● Task prompt
The records below need to come back exactly as they are, pictures omitted.

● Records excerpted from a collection
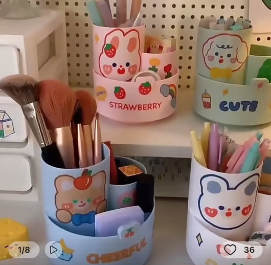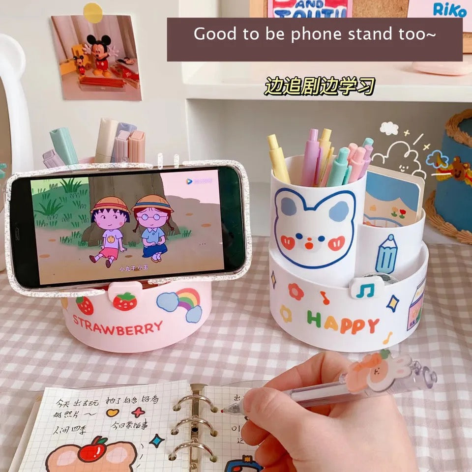 Portalápices giratorio bonito, organizador de papelería de escritorio multifuncional 18133
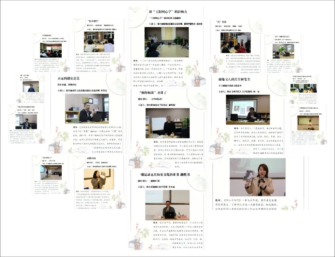 以“和畅书吧”为阵地,多个相关品牌活动逐步发展起来。“和你畅谈”活动贯穿始终,截至2026年4月底,共举办了247期。主讲席上,有潜心学术的各界学者,有分享商业智慧的企业家,还有讲述创作艰辛的本地作家,话题涉及思想政治、文学经典、数字经济、道德伦理、地方文史、全球文明等方面。活动以观点交流碰撞为主,引发了师生的共鸣。此外,同步推广的“春天读诗”“金秋诗会”等系列活动也已连续举办11届,被列入绍兴市“我们的节日”主题活动。
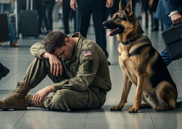 Long after their flight numbers were called and planes took off into the gray sky, the memory of Gate 14 clung to them. A soldier on the floor. A dog standing guard. A reminder that loyalty, in its truest form, is silent, steadfast, and utterly unbreakable
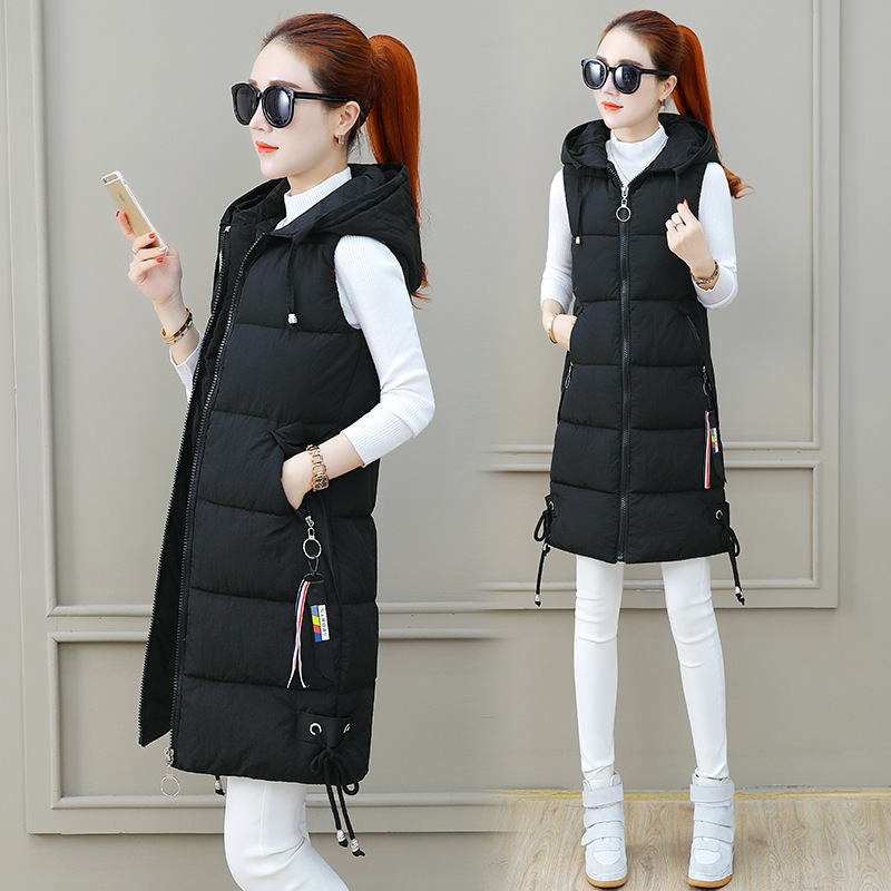 长款女式棉马甲女秋冬中长韩版连帽羽绒棉背心大码加厚坎肩外套
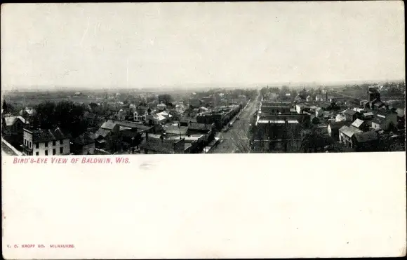 Ak Baldwin Wisconsin USA, Vogelschau
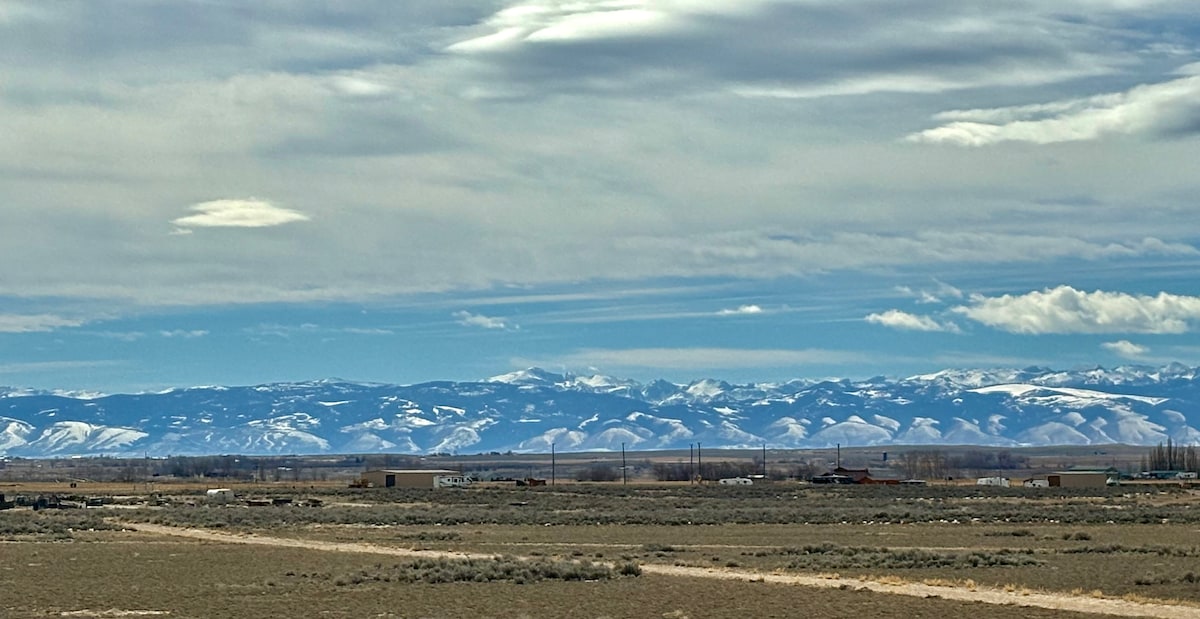 Komfortabelt, rolig hjem med to soverom, praktisk plassert utenfor HWY 287, i bomullsmarkene, med en inspirerende utsikt over Wind River-fjellkjeden. Denne nylig oppussede, unike og rolige eiendommen har: trådløst nettverk, premium queen-senger, fullt kjøkken, dusj, vaskemaskin/tørketrommel og vaskerifasiliteter, peis, arbeidsplass, tilkobling for bobiler/elbiler, rikelig med sitte-/spiseplass, og er barne-/kjæledyrsvennlig. Det er en perfekt ferie for å besøke, stoppe over eller se verden gå forbi.
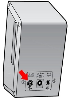 将左侧扬声器连接的扬声器连接线插头插入到有源(右侧)扬声器上的插孔,上面标记有:"To Left Speaker"(连左侧扬声器)
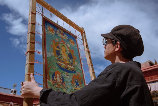 不是。唐卡修復這一塊完全沒有地方去學,除非去歐洲或日本學完壁畫修復後,再套到唐卡里面。故宮可能有修復唐卡的,但是它很封閉,也不是專攻的唐卡修復。而且唐卡修復這個東西也很麻煩,我覺得比油畫可能還要麻煩,油畫是畫在那種橫向縱向的布上,給底下打的底子再畫,現在很多唐卡出現的問題就是底子都掉了,布的紋理就出來了。(問:唐卡也像國畫一樣有幾層嗎?)跟國畫也不同,國畫是畫在宣紙上,它能浸到紙裏面,唐卡是在布上做底,撕不下來。有的時候畫厚了,捲起來可能顏色都會掉。它跟油畫也不一樣,沒有那種吸附力,油畫畢竟是油做媒介,唐卡是水和膠做媒介。所以唐卡的就是保存還是比較麻煩,你比如説內地比較潮濕的地方,拿過去的話,你要是一直放着,它可能都會發黴長毛,或者説被蟲子嗑什麼的。但是西藏比較乾燥,西藏的老唐卡遇到的最大的問題就是掛在寺院牆上給酥油燈燻黑了,再一種就是遇到漏雨。
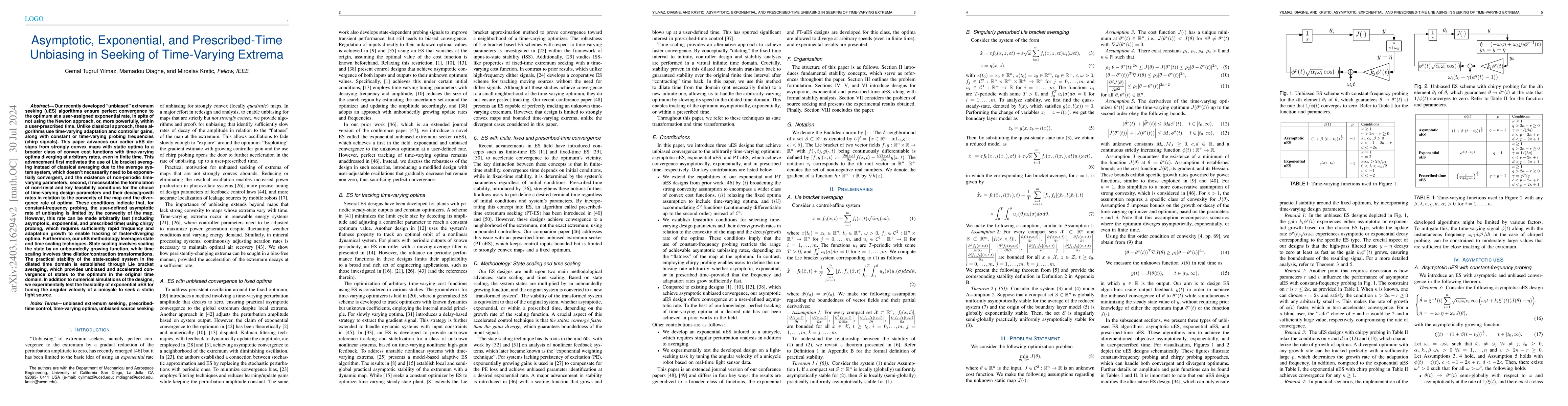 Extremum seeking is an online, model-free optimization algorithm traditionally known for its practical stability. This paper introduces an extremum seeking algorithm designed for unbiased convergence to the extremum asymptotically, allowing users to define the convergence rate. Unlike conventional extremum seeking approaches utilizing constant gains, our algorithms employ time-varying parameters. These parameters reduce perturbation amplitudes towards zero in an asymptotic manner, while incorporating asymptotically growing controller gains. The stability analysis is based on state transformation, achieved through the multiplication of the input state by asymptotic growth function, and Lie bracket averaging applied to the transformed system. The averaging ensures the practical stability of the transformed system, which, in turn, leads to the asymptotic stability of the original system. Moreover, for strongly convex maps, we achieve exponentially fast convergence. The numerical simulations validate the feasibility of the introduced designs.

● Task output
 Portalápices giratorio bonito, organizador de papelería de escritorio multifuncional 18133
 以“和畅书吧”为阵地,多个相关品牌活动逐步发展起来。“和你畅谈”活动贯穿始终,截至2026年4月底,共举办了247期。主讲席上,有潜心学术的各界学者,有分享商业智慧的企业家,还有讲述创作艰辛的本地作家,话题涉及思想政治、文学经典、数字经济、道德伦理、地方文史、全球文明等方面。活动以观点交流碰撞为主,引发了师生的共鸣。此外,同步推广的“春天读诗”“金秋诗会”等系列活动也已连续举办11届,被列入绍兴市“我们的节日”主题活动。
 Long after their flight numbers were called and planes took off into the gray sky, the memory of Gate 14 clung to them. A soldier on the floor. A dog standing guard. A reminder that loyalty, in its truest form, is silent, steadfast, and utterly unbreakable
 长款女式棉马甲女秋冬中长韩版连帽羽绒棉背心大码加厚坎肩外套
 Ak Baldwin Wisconsin USA, Vogelschau
 Komfortabelt, rolig hjem med to soverom, praktisk plassert utenfor HWY 287, i bomullsmarkene, med en inspirerende utsikt over Wind River-fjellkjeden. Denne nylig oppussede, unike og rolige eiendommen har: trådløst nettverk, premium queen-senger, fullt kjøkken, dusj, vaskemaskin/tørketrommel og vaskerifasiliteter, peis, arbeidsplass, tilkobling for bobiler/elbiler, rikelig med sitte-/spiseplass, og er barne-/kjæledyrsvennlig. Det er en perfekt ferie for å besøke, stoppe over eller se verden gå forbi.
 将左侧扬声器连接的扬声器连接线插头插入到有源(右侧)扬声器上的插孔,上面标记有:"To Left Speaker"(连左侧扬声器)
 不是。唐卡修復這一塊完全沒有地方去學,除非去歐洲或日本學完壁畫修復後,再套到唐卡里面。故宮可能有修復唐卡的,但是它很封閉,也不是專攻的唐卡修復。而且唐卡修復這個東西也很麻煩,我覺得比油畫可能還要麻煩,油畫是畫在那種橫向縱向的布上,給底下打的底子再畫,現在很多唐卡出現的問題就是底子都掉了,布的紋理就出來了。(問:唐卡也像國畫一樣有幾層嗎?)跟國畫也不同,國畫是畫在宣紙上,它能浸到紙裏面,唐卡是在布上做底,撕不下來。有的時候畫厚了,捲起來可能顏色都會掉。它跟油畫也不一樣,沒有那種吸附力,油畫畢竟是油做媒介,唐卡是水和膠做媒介。所以唐卡的就是保存還是比較麻煩,你比如説內地比較潮濕的地方,拿過去的話,你要是一直放着,它可能都會發黴長毛,或者説被蟲子嗑什麼的。但是西藏比較乾燥,西藏的老唐卡遇到的最大的問題就是掛在寺院牆上給酥油燈燻黑了,再一種就是遇到漏雨。
 Extremum seeking is an online, model-free optimization algorithm traditionally known for its practical stability. This paper introduces an extremum seeking algorithm designed for unbiased convergence to the extremum asymptotically, allowing users to define the convergence rate. Unlike conventional extremum seeking approaches utilizing constant gains, our algorithms employ time-varying parameters. These parameters reduce perturbation amplitudes towards zero in an asymptotic manner, while incorporating asymptotically growing controller gains. The stability analysis is based on state transformation, achieved through the multiplication of the input state by asymptotic growth function, and Lie bracket averaging applied to the transformed system. The averaging ensures the practical stability of the transformed system, which, in turn, leads to the asymptotic stability of the original system. Moreover, for strongly convex maps, we achieve exponentially fast convergence. The numerical simulations validate the feasibility of the introduced designs.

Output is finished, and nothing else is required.